Use AttachUserPolicy with an Amazon SDK or CLI - Amazon Identity and Access Management
Services or capabilities described in Amazon Web Services documentation might vary by Region. To see the differences applicable to the China Regions, see Getting Started with Amazon Web Services in China (PDF).

Use AttachUserPolicy with an Amazon SDK or CLI

The following code examples show how to use AttachUserPolicy.

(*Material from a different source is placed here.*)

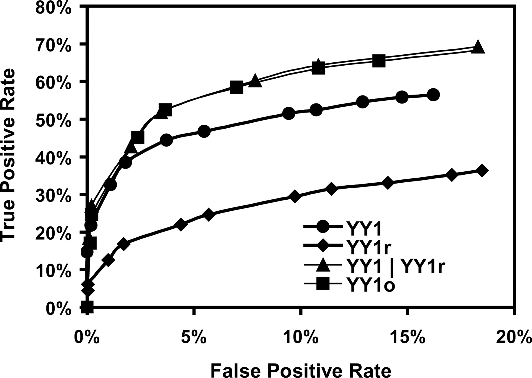 The YY1 PSSM accurately predicts ChIP hits. The YY1 PSSM was searched against probe-covered regions of the 765 ChIP hits (true positives) and the 10,000 probe-covered regions with the lowest ChIP signal (true negatives). True positive rates were plotted against the false positive rates at various P-value cutoffs. (YY1) YY1 motif on the plus strand; (YY1r) YY1 motif on the minus strand; (YY1/YY1r) YY1 motif on either the plus or the minus strand; (YY1o) YY1 motif after optimization in ROVER algorithm on either the plus or the minus strand.

Action examples are code excerpts from larger programs and must be run in context. You can see this action in context in the following code example:

CLI
Amazon CLI

To attach a managed policy to an IAM user

The following attach-user-policy command attaches the Amazon managed policy named AdministratorAccess to the IAM user named Alice.

aws iam attach-user-policy \
    --policy-arn arn:aws:iam::aws:policy/AdministratorAccess \
    --user-name Alice

This command produces no output.

For more information, see Managed policies and inline policies in the Amazon IAM User Guide.

PowerShell
Tools for PowerShell V4

Example 1: This example attaches the Amazon managed policy named AmazonCognitoPowerUser to the IAM user Bob. The user is immediately affected by the permissions defined in the latest version of that policy.

Register-IAMUserPolicy -UserName Bob -PolicyArn arn:aws:iam::aws:policy/AmazonCognitoPowerUser

  • For API details, see AttachUserPolicy in Amazon Tools for PowerShell Cmdlet Reference (V4).

Tools for PowerShell V5

Example 1: This example attaches the Amazon managed policy named AmazonCognitoPowerUser to the IAM user Bob. The user is immediately affected by the permissions defined in the latest version of that policy.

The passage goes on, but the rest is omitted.